What is "NORMAL"?
Everyone talks about the "new normal" after you lose a child. I don't believe "normal" will ever return to my house after my 18 year old son, Max, was killed in a car crash on 8/6/10. "Normal Died With Max", and this blog is about the life I have without him.
Monday, April 21, 2014
Max Lives because of Easter
Easter has grown to be a very important holiday for me. I have been a Christian for a long while, and I always understood the significance of Easter and the sacrifice that Jesus made for me. I understood it in my head and the best I could in my heart.

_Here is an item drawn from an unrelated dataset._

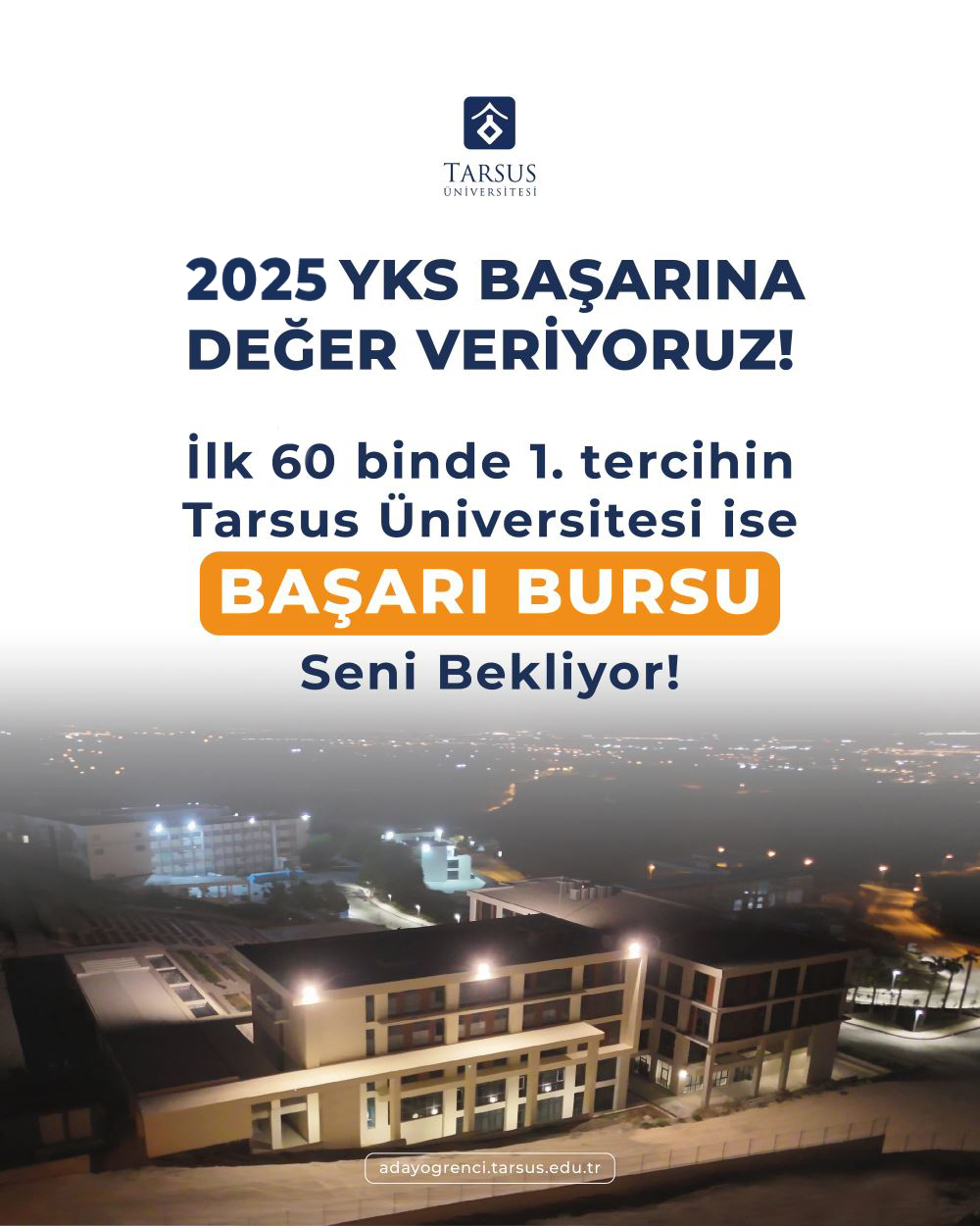 2025 YKS (Yükseköğretim Kurumları Sınavı) sonucunda ilk 60 bine girerek Tarsus Üniversitesini ilk sırada tercih eden ve kayıt yaptıran lisans programı öğrencilerine "Başarı Bursu” verilecektir.

And then Max was killed. And suddenly, I understood on a much deeper level.
Now I understand that because of Easter, my flawed-wonderful-sweet-arrogant son has his body in a cemetery and his soul LIVES in heaven with Jesus. I understood it for myself, but now, I understand it because one of my children is safe in eternity because of it.
Since Max, I've had several deaths that have impacted me: my grieving-mom friend Kim, my babe-chick sister Jeanie, my pappaw, my grandmother ... and with each death, I grieve and mourn and also long for heaven just that much more.
This season as I approach the 4 year mark of Max's death, I marvel at how deeply the Easter season affects me and gives me peace and happiness. Good Friday. The darkness. The agony. The sorrow. Holy Saturday. When hope seems dead. Mourning continues through shock. Resurrection Sunday. When *everything* changed. Jesus ROSE FROM THE DEAD. For real. Now, I can ALWAYS have hope, even through my darkest sorrow. Because of Jesus. Because of the salvation He offers.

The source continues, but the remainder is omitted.